Problem to work on:
What is needed is a word-for-word copy of the lines below from the one with "优采云 发布时间: 2021-12-13" through the one with "Novakorp – очередной", both included, with every picture left out.

Records for this exercise:
━━━━━━━━━━━━━━━━
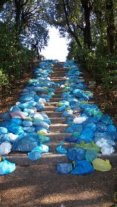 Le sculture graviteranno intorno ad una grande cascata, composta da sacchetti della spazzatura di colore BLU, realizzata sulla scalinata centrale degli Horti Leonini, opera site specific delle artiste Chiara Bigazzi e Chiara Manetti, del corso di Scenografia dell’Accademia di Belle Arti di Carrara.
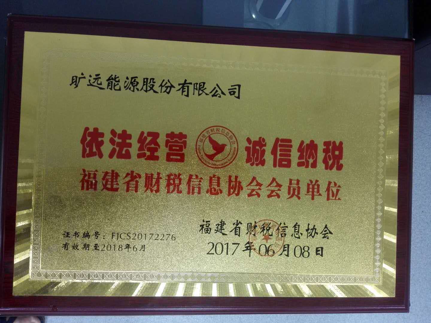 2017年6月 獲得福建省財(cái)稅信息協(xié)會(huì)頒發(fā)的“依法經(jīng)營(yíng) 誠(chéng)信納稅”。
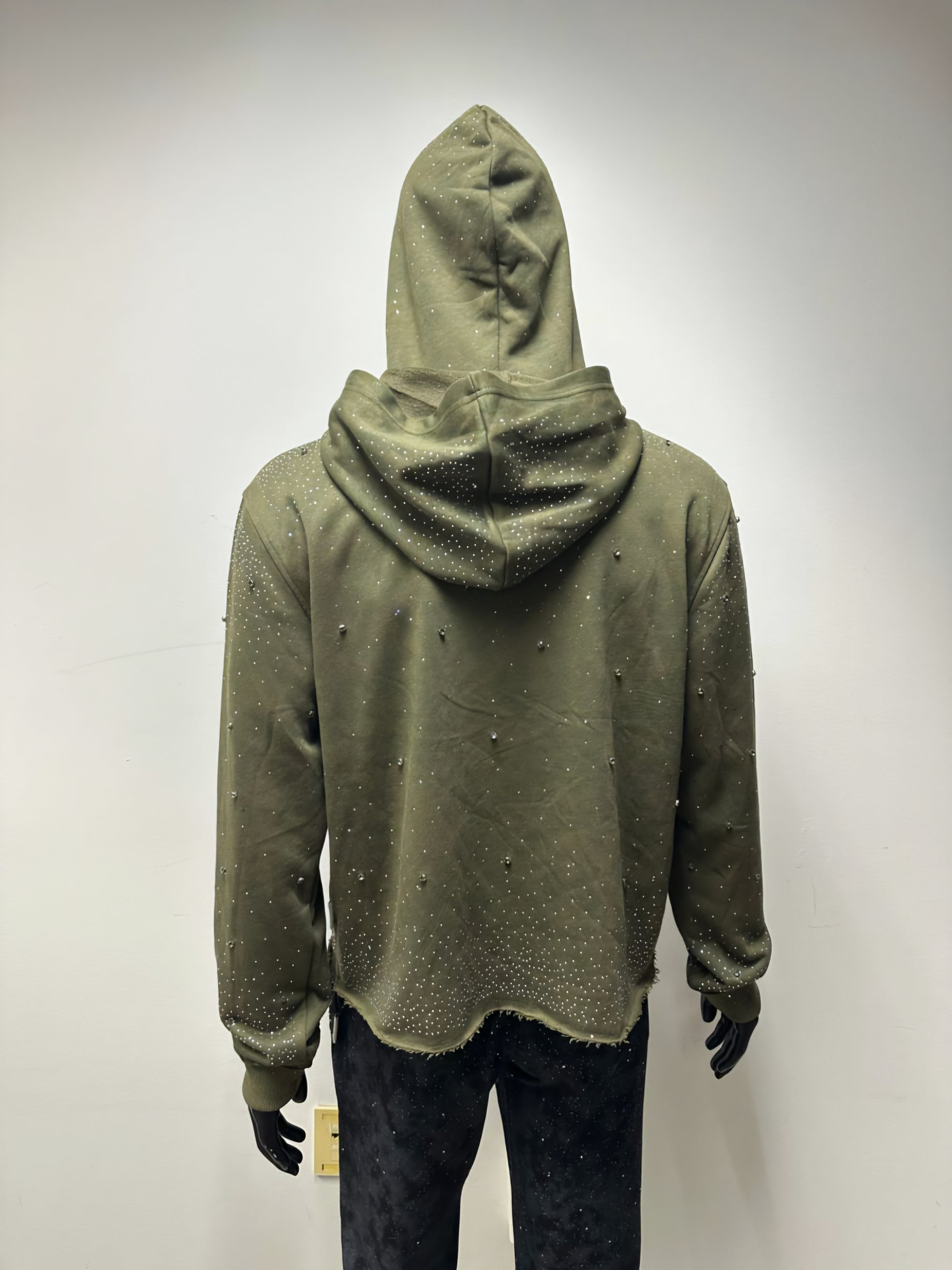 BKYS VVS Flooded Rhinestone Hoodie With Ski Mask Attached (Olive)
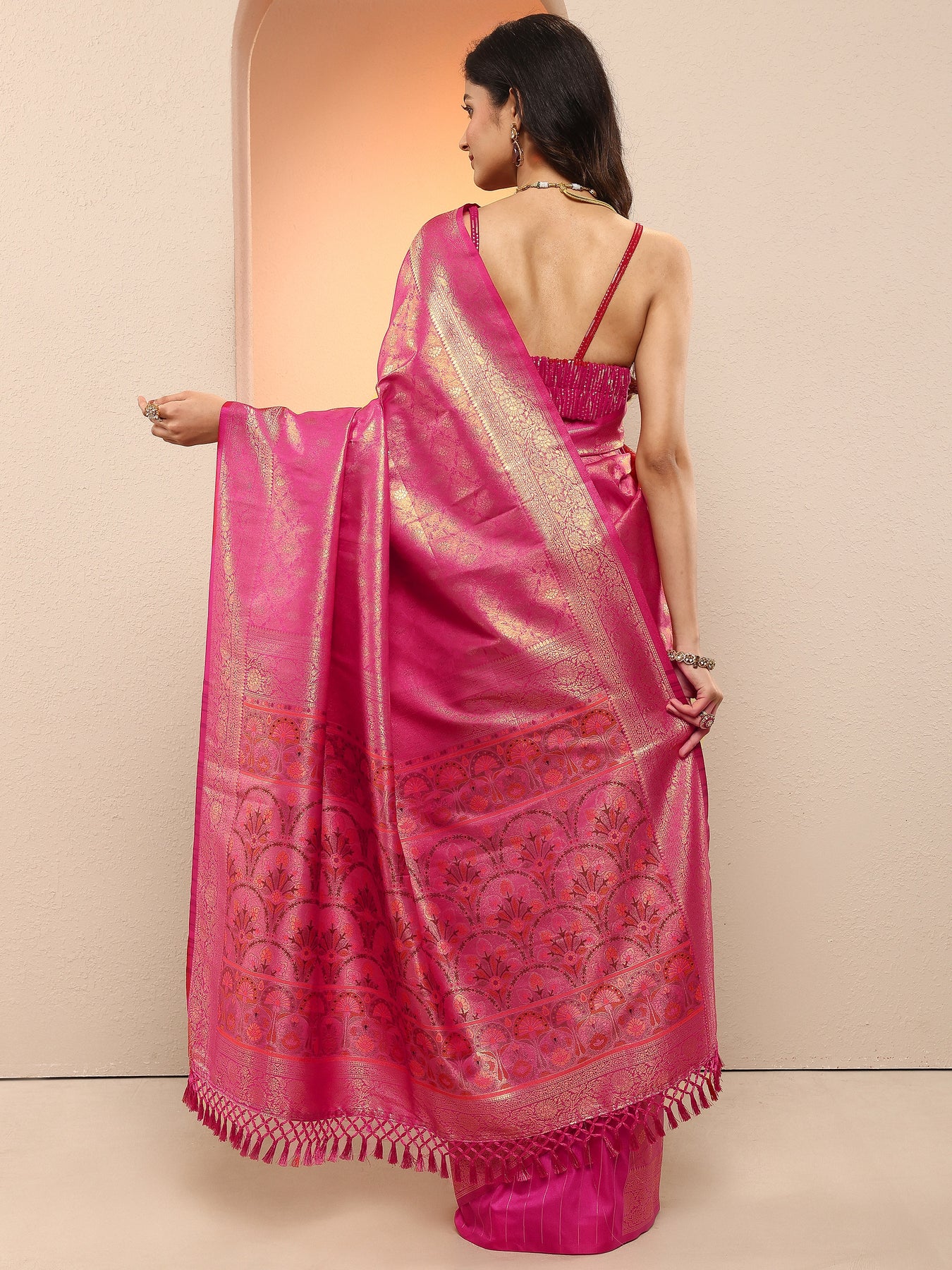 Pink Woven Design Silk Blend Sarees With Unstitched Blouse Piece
━━━━━━━━━━━━━━━━
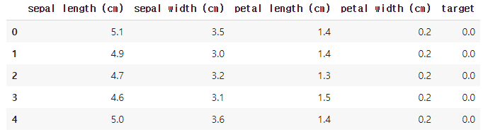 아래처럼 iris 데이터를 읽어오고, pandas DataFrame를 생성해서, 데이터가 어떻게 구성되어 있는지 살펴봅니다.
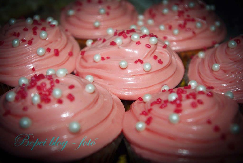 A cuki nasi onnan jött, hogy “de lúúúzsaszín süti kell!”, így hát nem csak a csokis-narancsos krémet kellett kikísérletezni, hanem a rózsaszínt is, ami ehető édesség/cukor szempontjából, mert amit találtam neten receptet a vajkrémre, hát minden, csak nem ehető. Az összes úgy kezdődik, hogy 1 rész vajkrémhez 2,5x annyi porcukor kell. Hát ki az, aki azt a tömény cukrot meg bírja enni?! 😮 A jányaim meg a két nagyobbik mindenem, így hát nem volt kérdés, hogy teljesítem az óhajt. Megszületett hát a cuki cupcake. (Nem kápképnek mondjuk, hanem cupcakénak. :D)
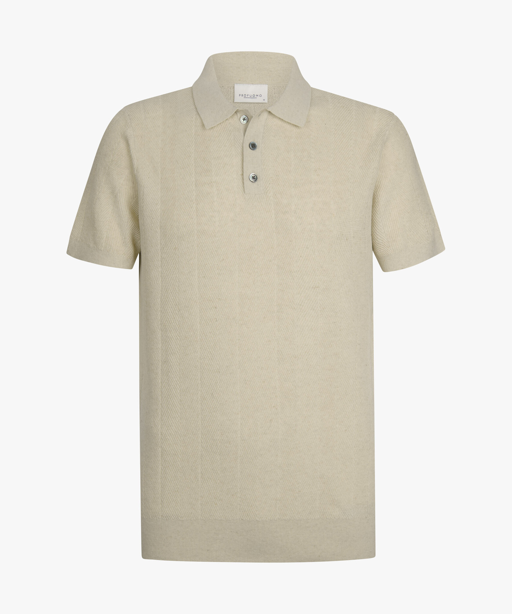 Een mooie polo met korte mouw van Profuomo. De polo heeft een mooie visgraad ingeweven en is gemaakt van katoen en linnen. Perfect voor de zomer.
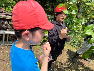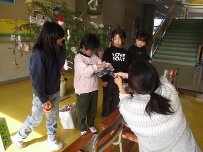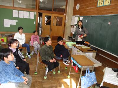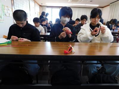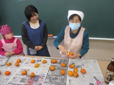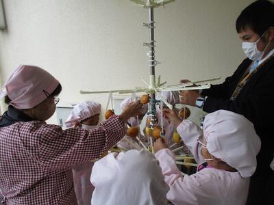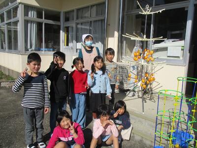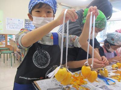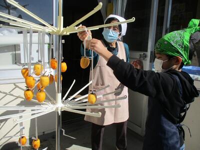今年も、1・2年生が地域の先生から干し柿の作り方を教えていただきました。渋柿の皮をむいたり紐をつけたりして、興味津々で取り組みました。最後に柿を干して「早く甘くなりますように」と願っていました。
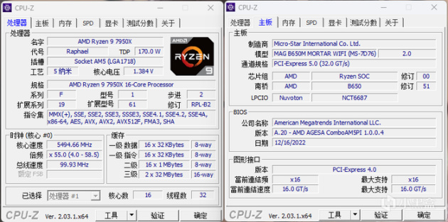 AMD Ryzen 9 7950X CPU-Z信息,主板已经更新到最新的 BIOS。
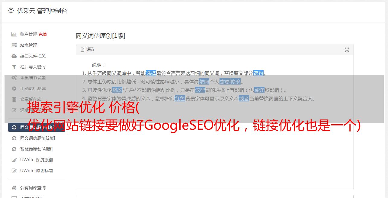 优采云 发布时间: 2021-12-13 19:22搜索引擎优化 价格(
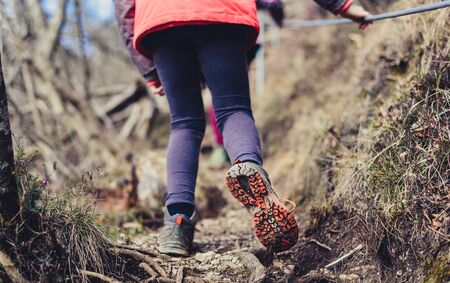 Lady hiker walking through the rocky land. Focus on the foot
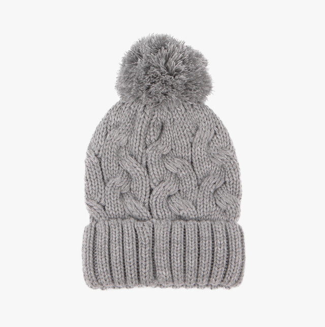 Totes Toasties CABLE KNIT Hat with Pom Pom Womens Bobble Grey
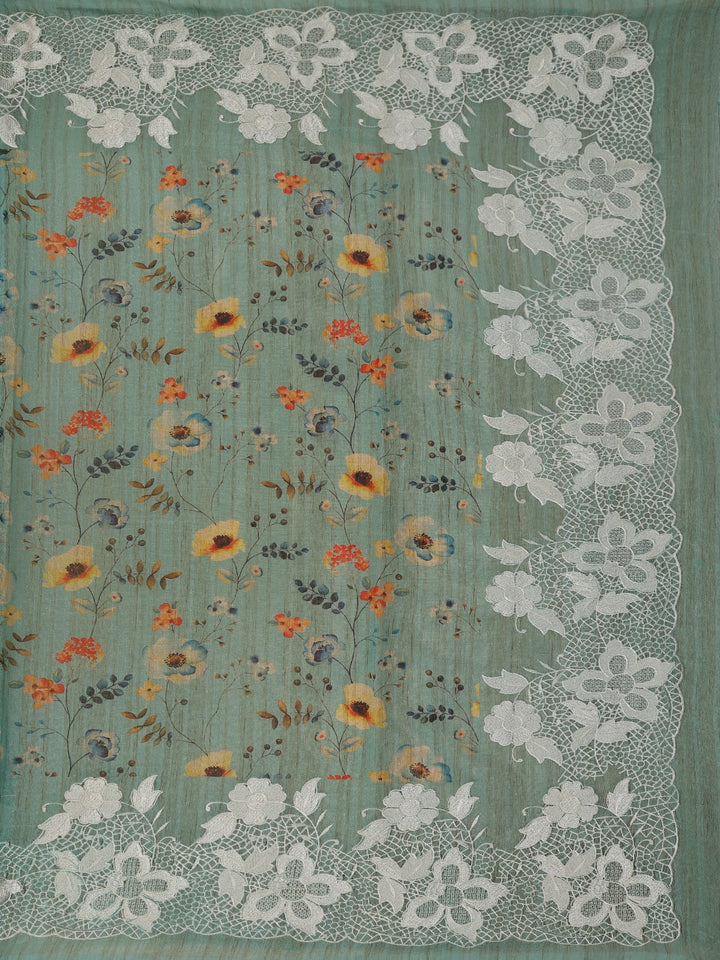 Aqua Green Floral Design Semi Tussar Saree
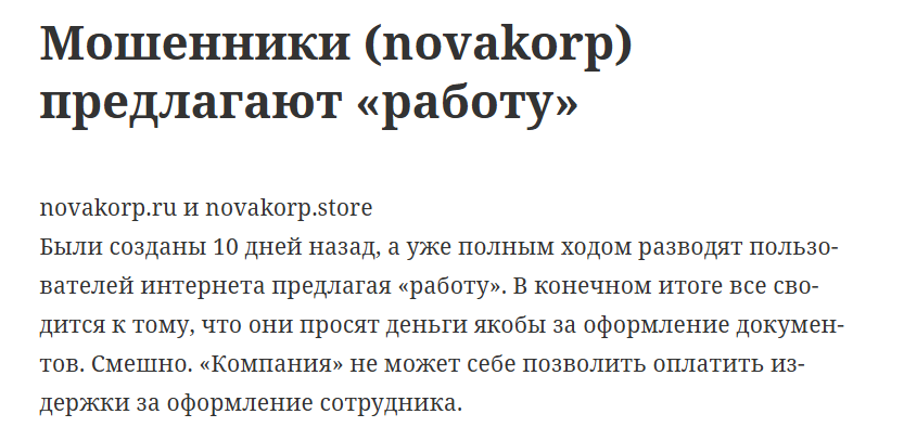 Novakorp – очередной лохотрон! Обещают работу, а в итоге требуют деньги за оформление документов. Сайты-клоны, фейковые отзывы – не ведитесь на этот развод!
━━━━━━━━━━━━━━━━
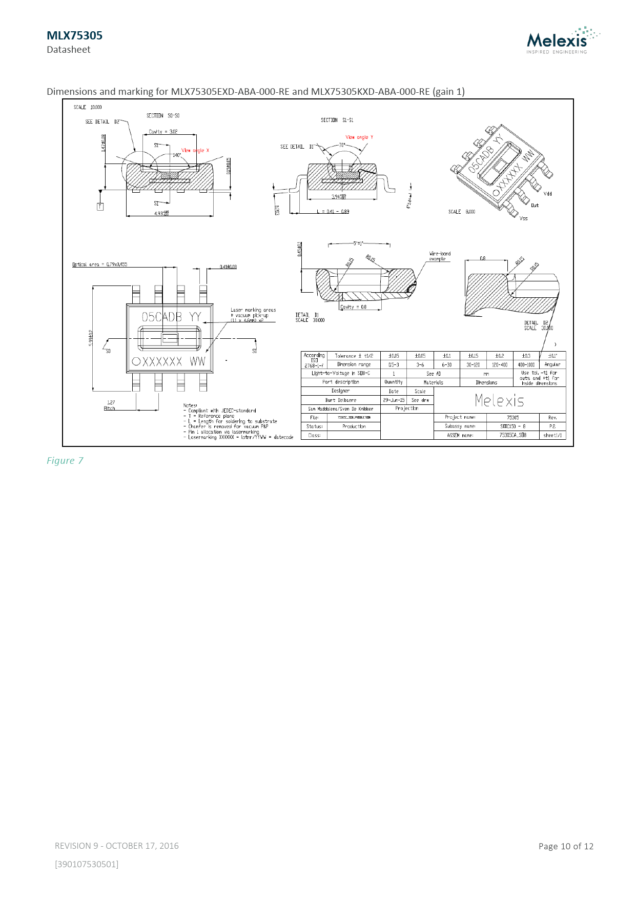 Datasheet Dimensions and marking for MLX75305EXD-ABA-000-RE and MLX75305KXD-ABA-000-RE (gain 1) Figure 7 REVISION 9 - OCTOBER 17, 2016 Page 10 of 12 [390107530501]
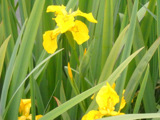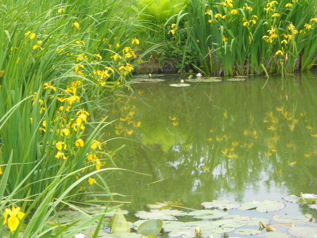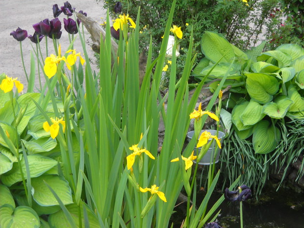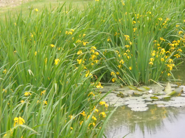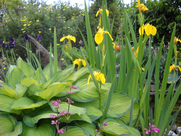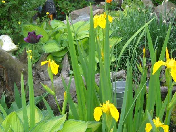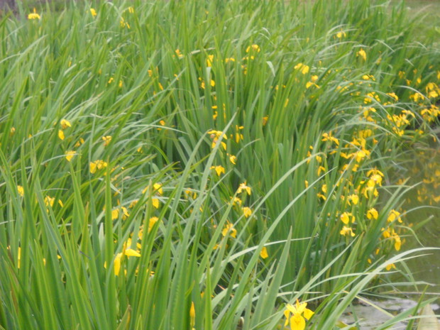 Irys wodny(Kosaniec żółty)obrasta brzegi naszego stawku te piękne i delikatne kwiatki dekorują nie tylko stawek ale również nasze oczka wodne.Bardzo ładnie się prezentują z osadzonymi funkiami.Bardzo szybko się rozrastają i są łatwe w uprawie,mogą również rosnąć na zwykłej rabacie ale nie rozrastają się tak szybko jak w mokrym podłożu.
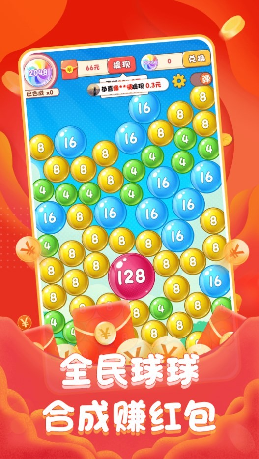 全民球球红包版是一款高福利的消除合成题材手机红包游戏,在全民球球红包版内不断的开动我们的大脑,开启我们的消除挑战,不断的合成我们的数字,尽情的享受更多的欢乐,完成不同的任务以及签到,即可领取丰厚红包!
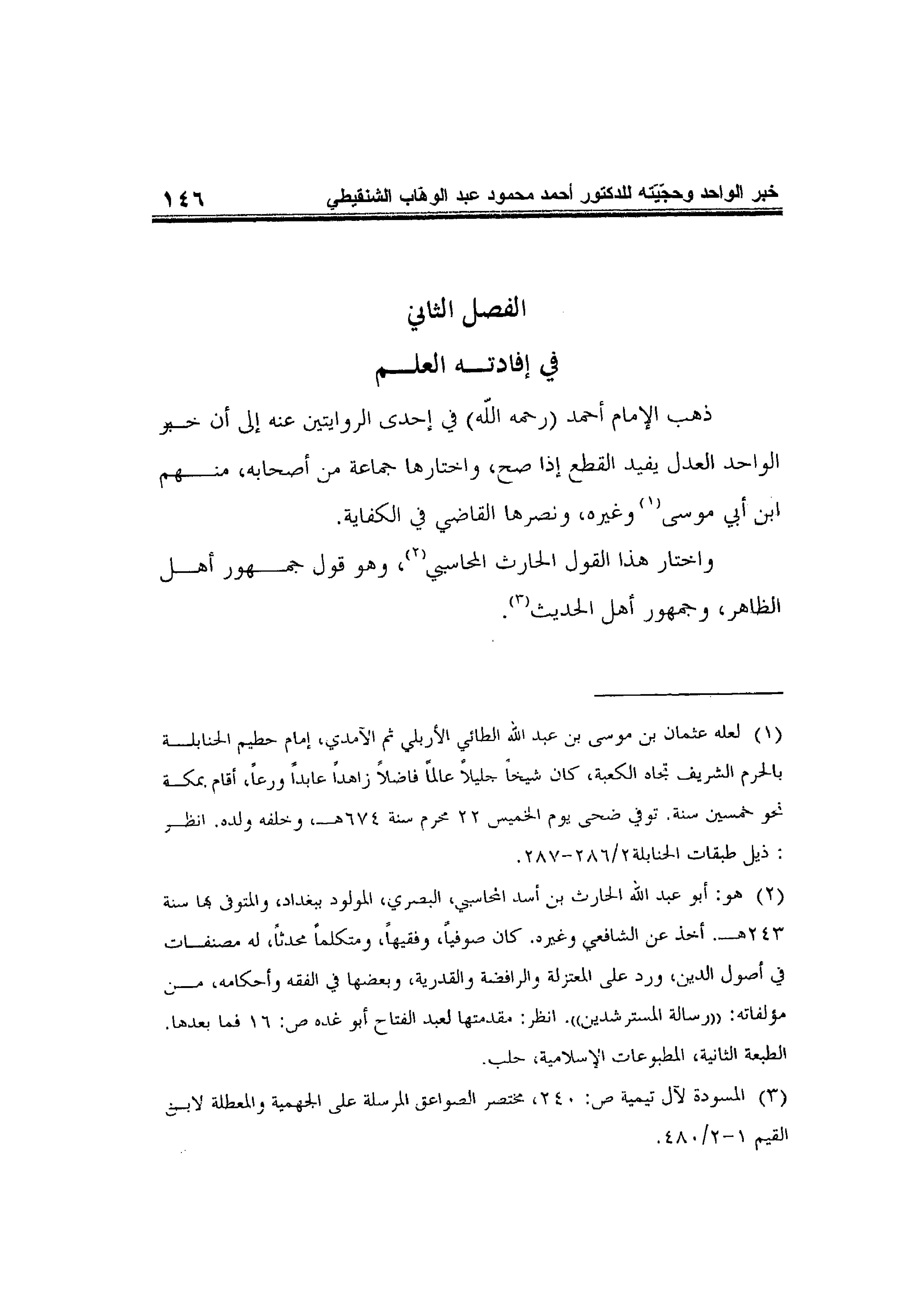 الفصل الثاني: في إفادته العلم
━━━━━━━━━━━━━━━━
Solution below:
 优采云 发布时间: 2021-12-13 19:22搜索引擎优化 价格(
 Lady hiker walking through the rocky land. Focus on the foot
 Totes Toasties CABLE KNIT Hat with Pom Pom Womens Bobble Grey
 Aqua Green Floral Design Semi Tussar Saree
 Novakorp – очередной лохотрон! Обещают работу, а в итоге требуют деньги за оформление документов. Сайты-клоны, фейковые отзывы – не ведитесь на этот развод!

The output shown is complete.